Start of Block

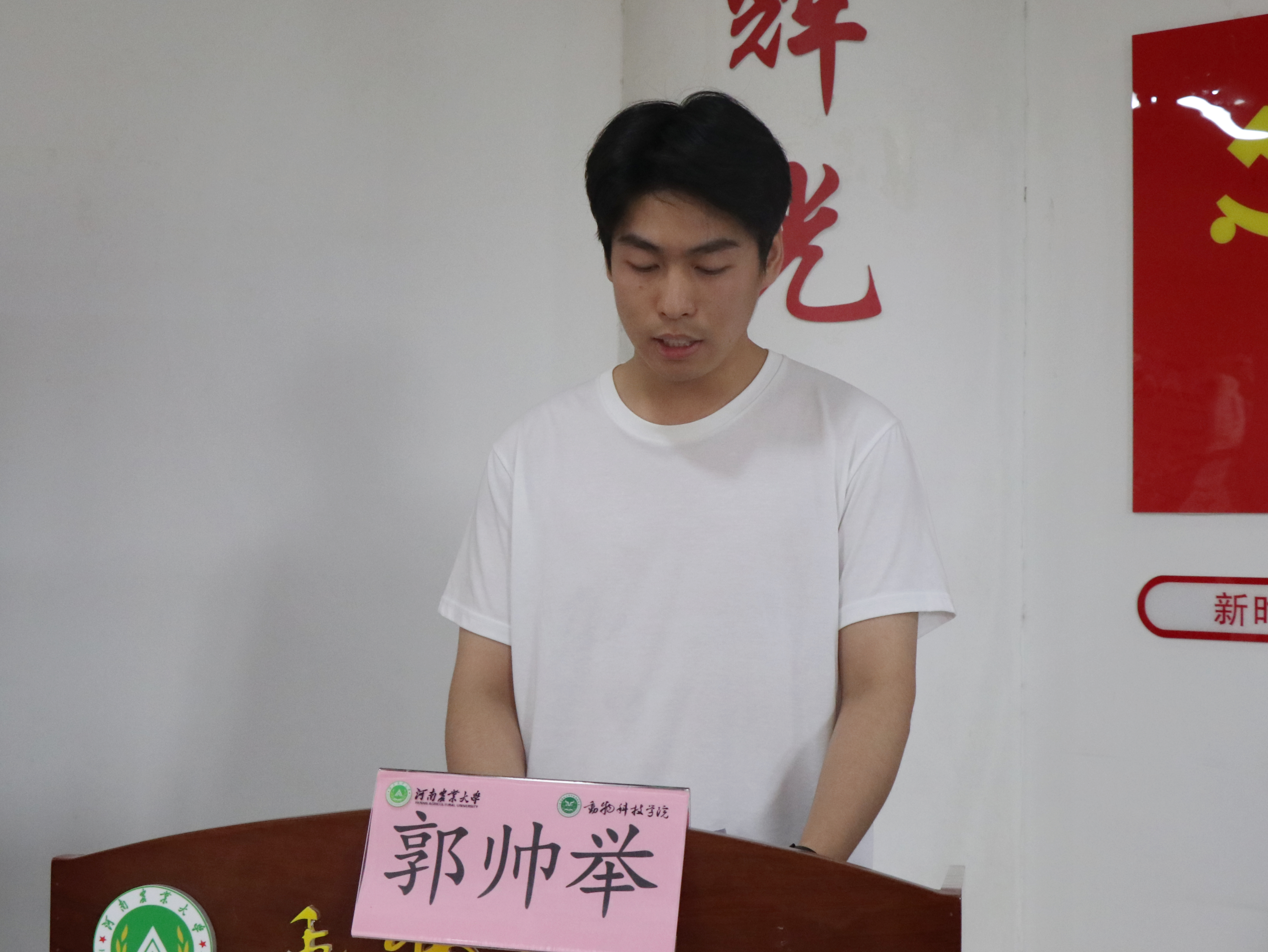 23级畜牧专业研究生郭帅举作为获奖学生代表发言,他对正大集团及学院老师的关心指导表示最诚挚的感谢。他回顾自身的学习经历,认为奖学金不仅是对过往努力的肯定,更是对未来的激励,将带着这份鼓励,以饱满的热情迎接新的挑战,回报社会,为国家发展做贡献。
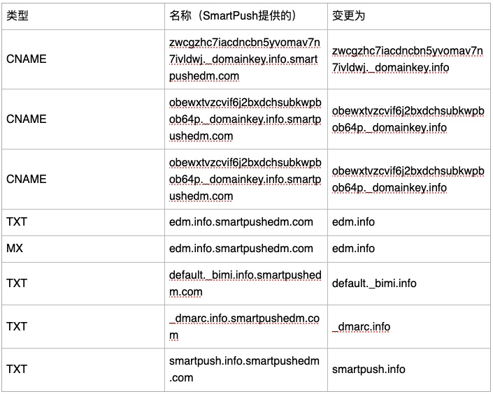 当您添加记录时,SmartPush给您提供的是左列的内容,您需要自行删除名称列中的主域名smartpushedm.com ,添加右列的内容到您的DNS后台。
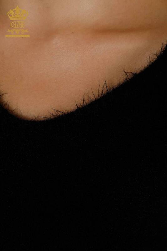 Großhandel Damen Strickpullover Angora V-Ausschnitt Basic Schwarz - 12047 | KAZEE
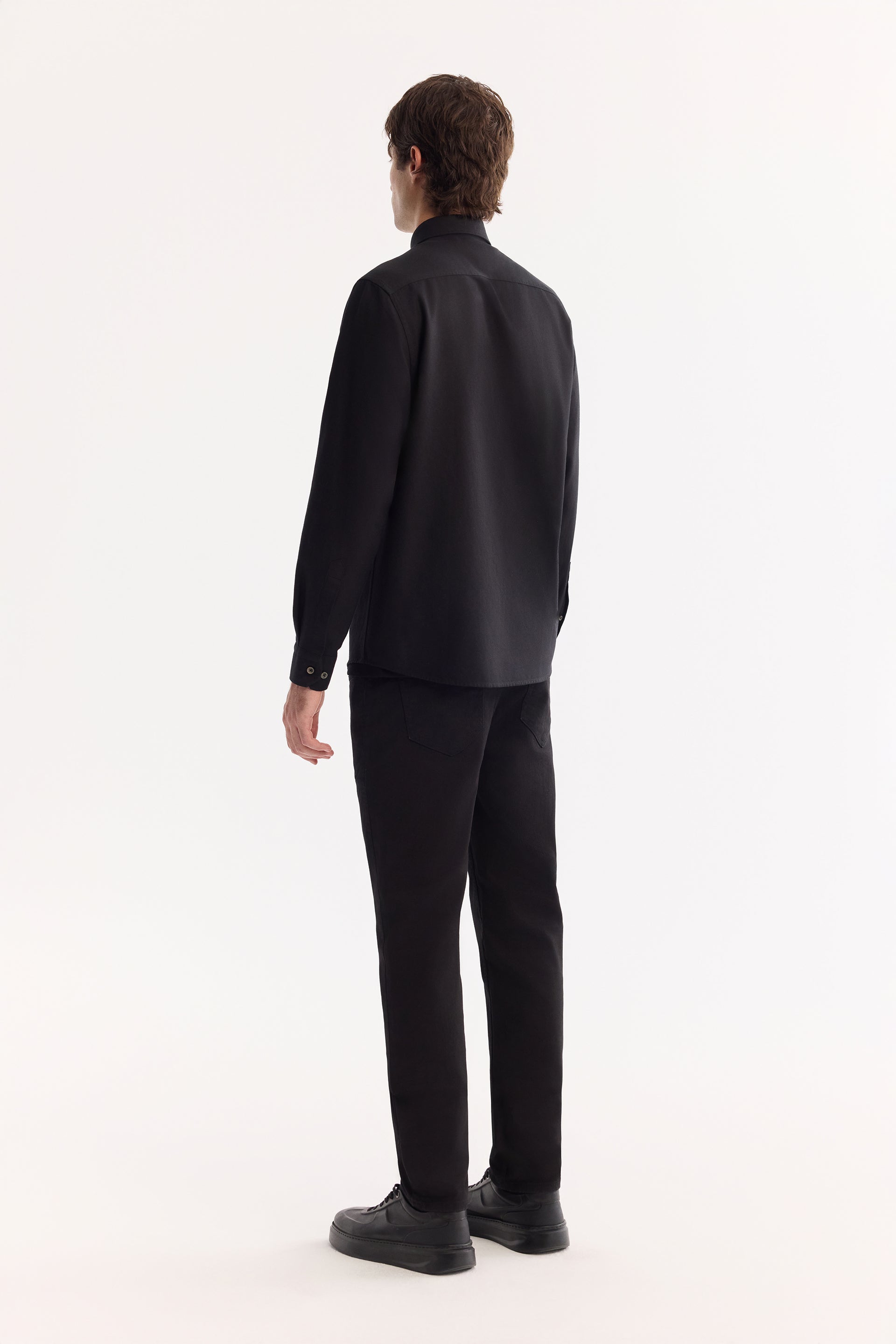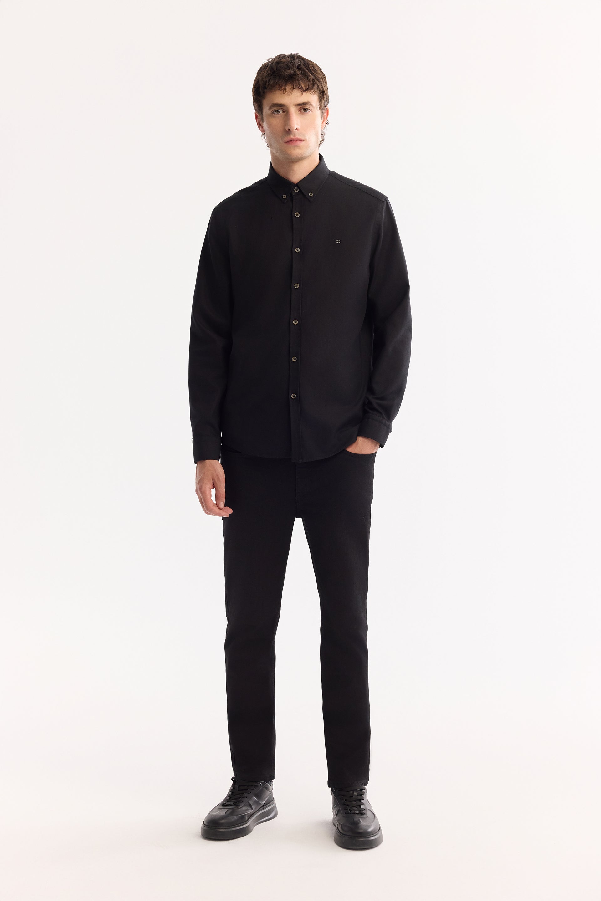 Siyah Düğmeli Yaka Düz Pamuk/ Viskon Kumaş Gömlek
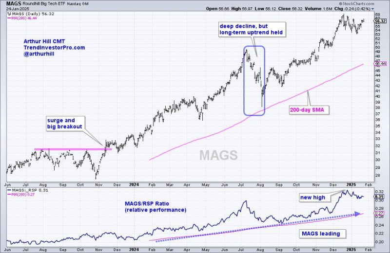 First and foremost, MAGS is in a long-term uptrend with a new high in mid December and price well above the 200-day SMA. This ETF has been in a long-term uptrend since the big surge and breakout in November 2023. MAGS started trading in April 2023 so the 200-day SMA did not start until late January 2024. MAGS fell sharply in July 2024, but held above the 200-day SMA and resumed its uptrend with a new high in November.
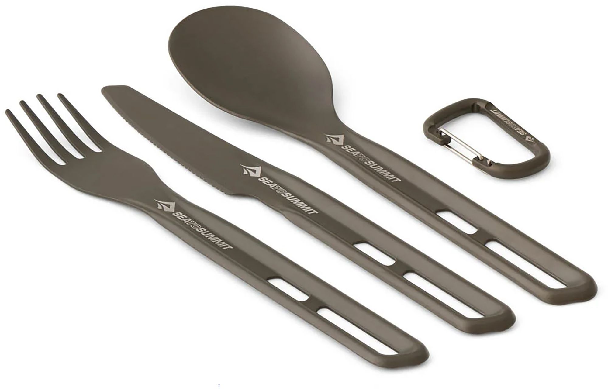 Light-but-strong knife, fork and spoon made of hard-anodized aircraft-grade aluminium
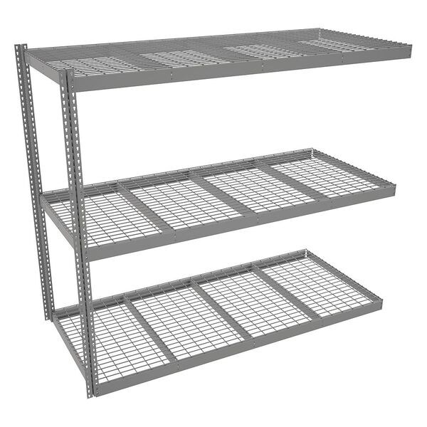 Boltless Shelving, Channel, Overall Depth 42 in, Overall Height 84 in, Overall Width 96 in, Shelf Gauge 14 ga, Shelf Adjustment Increments 1 1/2 in, Steel, Steel, Steel, (12) Beams, (2) Posts, Includes Decking Yes, 1,600 lb, Whole Unit Load Capacity 4,800 lb, Add-On, Open, SCS Indoor Advantage(R) Certified, Post Gauge 16 ga, Number of Shelves 3, Maximum Post Load Capacity 13,000 lb with Beam Evenly Spaced at 24 in, Powder Coated, Heavy-Duty, Gray
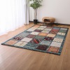 伝統的なギャベ調のモティーフをブロック柄に配したデザイン。8色の色糸をウィルトン織機にて巧みに織り上げて作製しました。洋室、和室ともになじむデザインです。
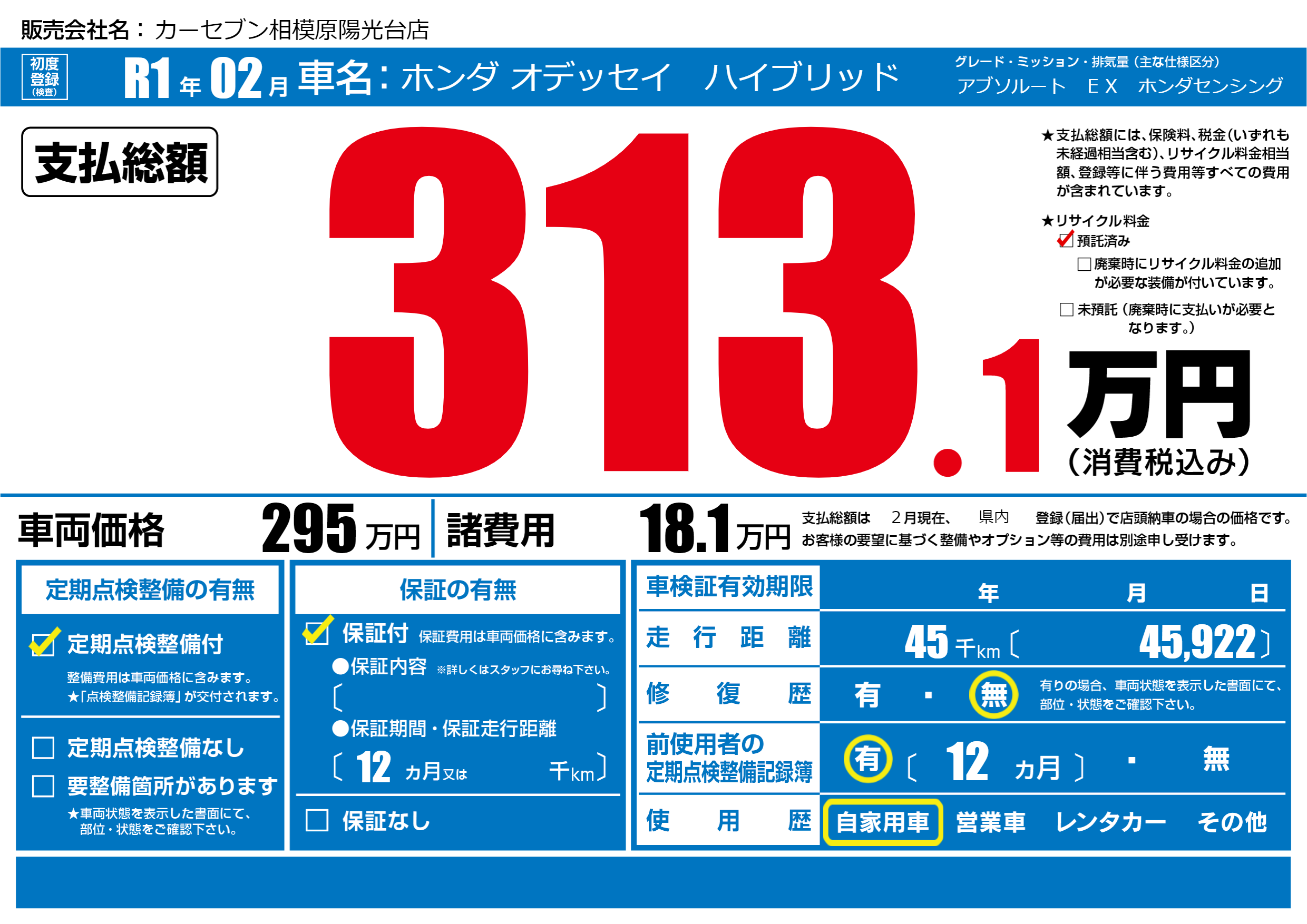 | 車名 | ホンダ オデッセイ ハイブリッド | グレード ミッション 排気量 |
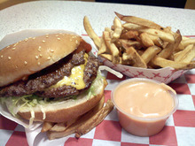 Ab's Drive-In • Sometimes the meat gets lost in all those toppings and condiments, but that's not the case with the "Fat Boy" ($3.29). Two 1/8-pound top-and-bottom patties are complemented by cheese, tomatoes, shredded lettuce, mayonnaise and a not-so-secret pickle relish-tomato mixture. The tang takes you by surprise but keeps you thinking about this burger long after your initial craving has abated. 4591 S. 5600 West, West Valley City; 801-968-2130 and 7903 W. Airport Road, West Jordan; 801-280-8075. More information at http://www.absdrivein.com. Open daily, 10:30 a.m. to 10 p.m. Lesli J. Neilson
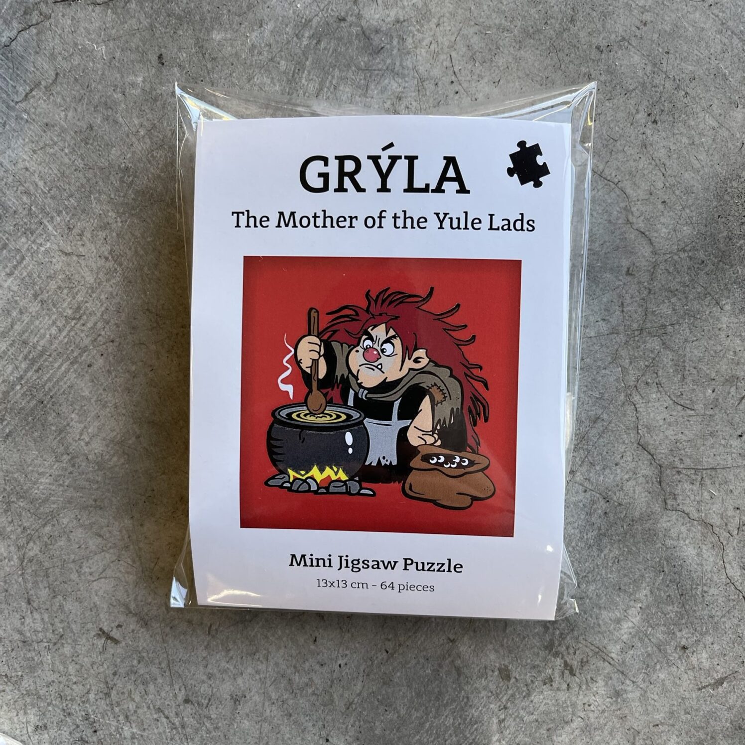 Grýlupúslið er mjög lítið, á við póstkort. Litlu púslin frá Hespuhúsinu eru fræðslupúsluspil en það fylgir með texti á ýmsum tungumálum í gegnum QR kóða um Grýlu. Prentaði textinn er á ensku en íslenskan aðgengileg með QR kóða ásamt dönsku, þýsku, frönsku, spænsku, og kínversku. Í pokanum er taupoki til að geyma púsluspilið í.
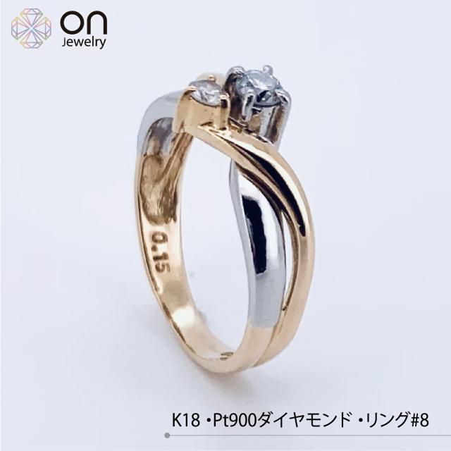 【新品仕上げ】K18 Pt900 ゴールド K18金 プラチナ900 ダイヤモンド0.15ct リング デザイン 指輪8号 ±4までサイズ直し無料 コンディションSランク 新品仕上げ済みの商品4月誕生石
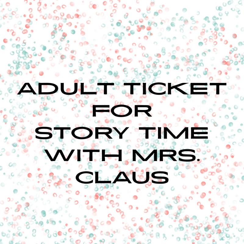 This is for adults who are accompanying a child/children to Story Time with Mrs. Claus. This ticket is only good for the date and time slot selected.

End of Block

Reproduce exactly the part of the records above that begins at the line holding "Grýlupúslið er mjög" and ends at the final line, both included, leaving out the pictures.

 Grýlupúslið er mjög lítið, á við póstkort. Litlu púslin frá Hespuhúsinu eru fræðslupúsluspil en það fylgir með texti á ýmsum tungumálum í gegnum QR kóða um Grýlu. Prentaði textinn er á ensku en íslenskan aðgengileg með QR kóða ásamt dönsku, þýsku, frönsku, spænsku, og kínversku. Í pokanum er taupoki til að geyma púsluspilið í.
 【新品仕上げ】K18 Pt900 ゴールド K18金 プラチナ900 ダイヤモンド0.15ct リング デザイン 指輪8号 ±4までサイズ直し無料 コンディションSランク 新品仕上げ済みの商品4月誕生石
 This is for adults who are accompanying a child/children to Story Time with Mrs. Claus. This ticket is only good for the date and time slot selected.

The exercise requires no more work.